- Born: 12 September 1938 Gisborne, New Zealand
- Died: 17 July 2021 (aged 82) Whakatāne, New Zealand
- Website: jonathanwhite.co.nz

= Jonathan White (painter) =

New Zealand landscape artist (1938–2021)

Jonathan Robert White (12 September 1938 – 17 July 2021) was a New Zealand landscape artist. Largely self-taught, his work is recognised both in New Zealand and internationally, and is held in many public and private collections across the world. White painted professionally for over 50 years and held many solo and joint exhibitions; he died two weeks before his final exhibition was held in Invercargill.

==Biography==
Born on 12 September 1938 at the Redwood private hospital in Gisborne, White resided in Whakatāne, in the North Island of New Zealand. He was educated at King's College, Auckland, in the 1950s, and in 1982 received an honours tie from the school for distinguishing himself in the field of art. In 1968 and 1970, he received merit prizes in the annual Kelliher Art Prize competition, and in 1971 placed second in the competition.
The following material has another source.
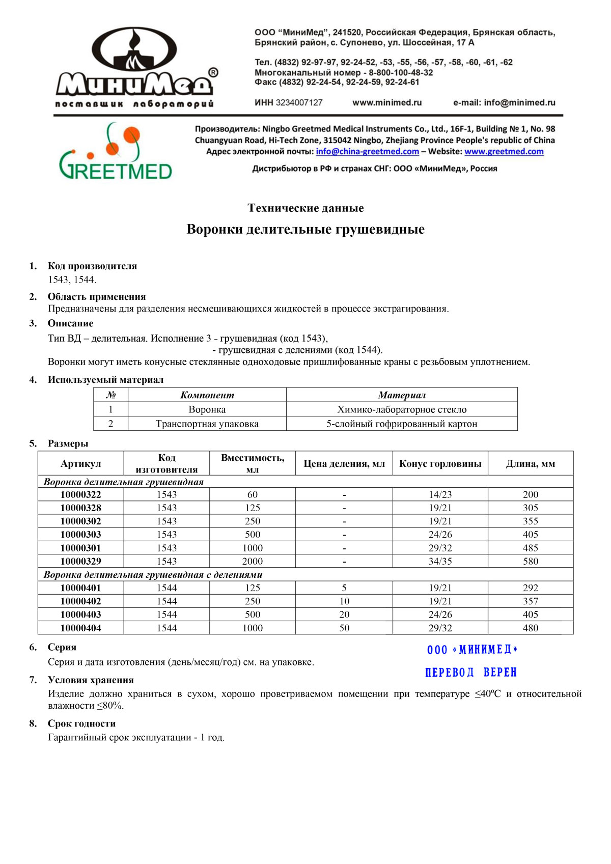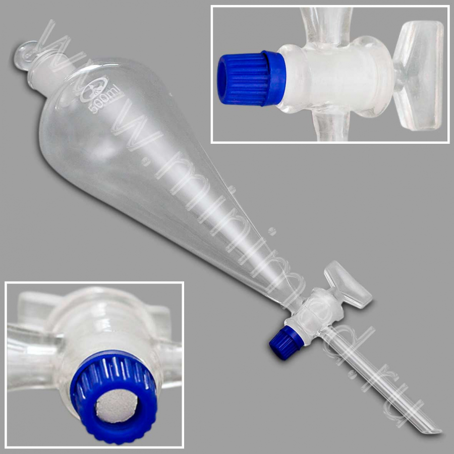 Предназначены для разделения несмешивающихся жидкостей в процедурах экстрагирования. Изделия изготовлены из химико-лабораторного стекла. Материал гайки АБС-пластик.
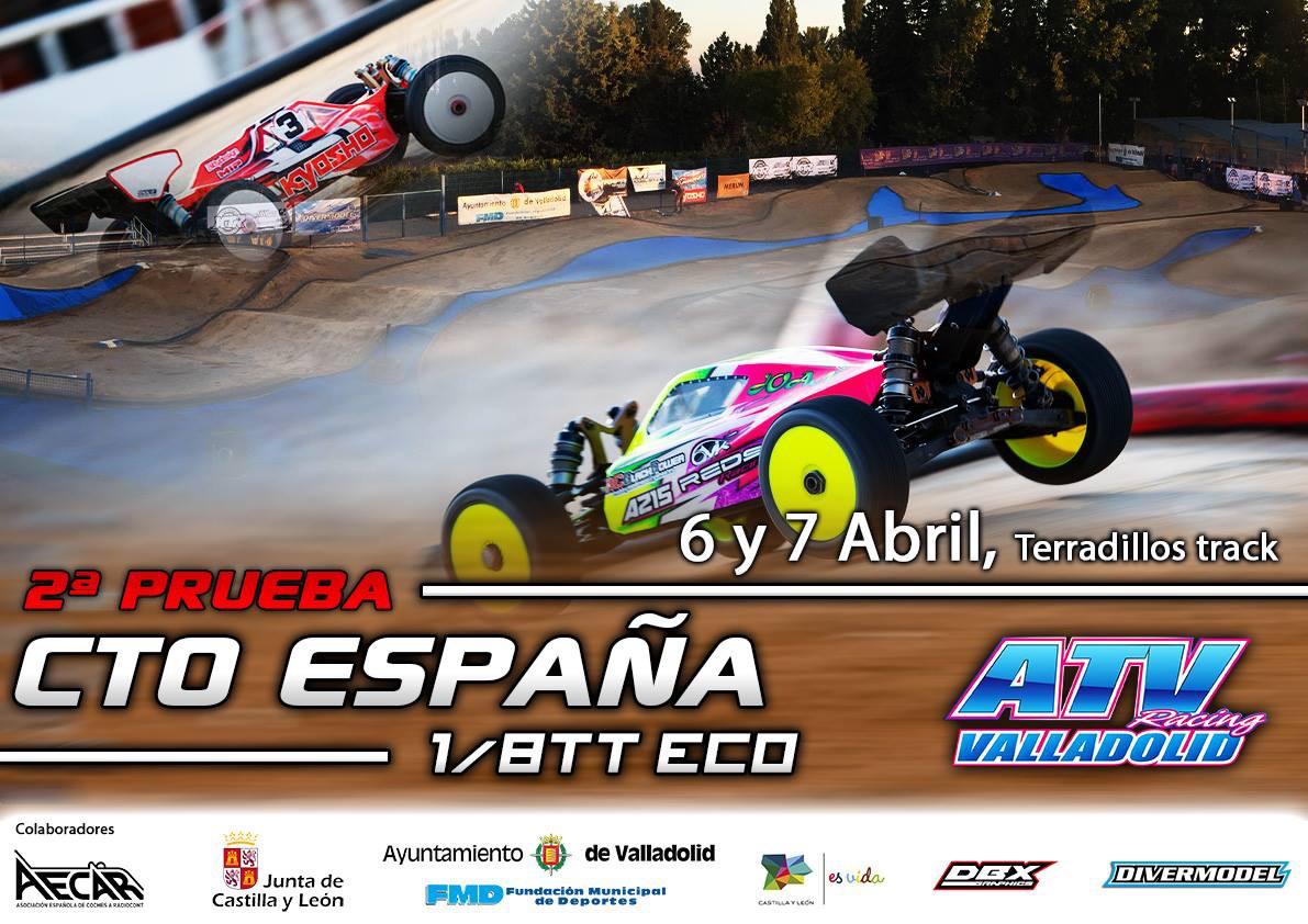 El Club ATV en colaboración con el Ayuntamiento de Valladolid, Divermodel, Junta de Castilla y Leon, DBX y Aecar, tienen el gusto de invitaros a la 2ª prueba del Campeonato de España de 1/8 TT.E 2019, los días 6 y 7 de Abril.

White was interested in botany, ornithology and tramping, and his paintings reflect his personal love of remote places, wilderness areas and New Zealand's landscape. He had an interest in conservation work and became an honorary ranger for Fiordland and Te Urewera National Parks. He was also a life member of the Royal Forest and Bird Protection Society of New Zealand, the World Wide Fund for Nature, and the QEII National Trust. In 1990, he was commissioned to create a collection of paintings for the national parks centennial. White's style could be classed as realism and representational of the scenes he was capturing.

During the summer season of 1989 to 1990, White visited Antarctica with the New Zealand Antarctic Research Programme, to execute a series of sketches and paintings of the historic buildings and the McMurdo Dry Valleys. He was invited by Antarctica New Zealand’s predecessor, the Antarctic Division of the Department of Scientific and Industrial Research, to paint artworks featuring the historic huts and promote the work being done to support heritage in Antarctica. White's intention was to help create a collective body of work that recorded the huts and environment for historical purposes. A number of paintings were produced following this trip, including a painting of Scott Base, and paintings of the scenery of Antarctica. Exhibitions of White's Antarctic work were consecutively held in Tauranga, Whakatāne, Christchurch, Wellington and Auckland, and helped raised funds for the Antarctic Heritage Trust.

White published three books including high-resolution images of his sketches and painting collections: New Zealand's Majestic Wilderness (1981), Jonathan White's New Zealand (1986) and Footsteps in the Wilderness (1989). The first two included text by historian John Hall-Jones. The latter was described by New Zealand writer Tim Jones as a "collection of extravagantly rich landscape paintings of remote parts of New Zealand". In 2010, White's paintings were featured at the launch of the Mountfort Art Gallery in Queenstown. In reporting on the exhibition, The Southland Times noted that White was "known for his highly detailed, large-scale landscapes, which often feature vistas of Fiordland and the Haast", and described him as "internationally renowned" but "publicity-shy". His works ranged in price from NZ$8,950 to NZ$60,000 at the event.

In the 2011 Queen's Birthday Honours, White was appointed a Member of the New Zealand Order of Merit, for services to the arts and community. He said to the Rotorua Daily Post at the time that "I don't seek publicity, however I am both flattered and honoured to be recognised."

White died at his home in Whakatāne on 17 July 2021, just two weeks before his final exhibition opened in Invercargill. Wayne Marriott, the city council manager of museum and heritage services, noted that White's death was a huge loss, and said, "We've lost two of the masters this year" (the other being Peter Beadle). His artist files are held at Auckland Art Gallery, the University of Auckland and Te Papa.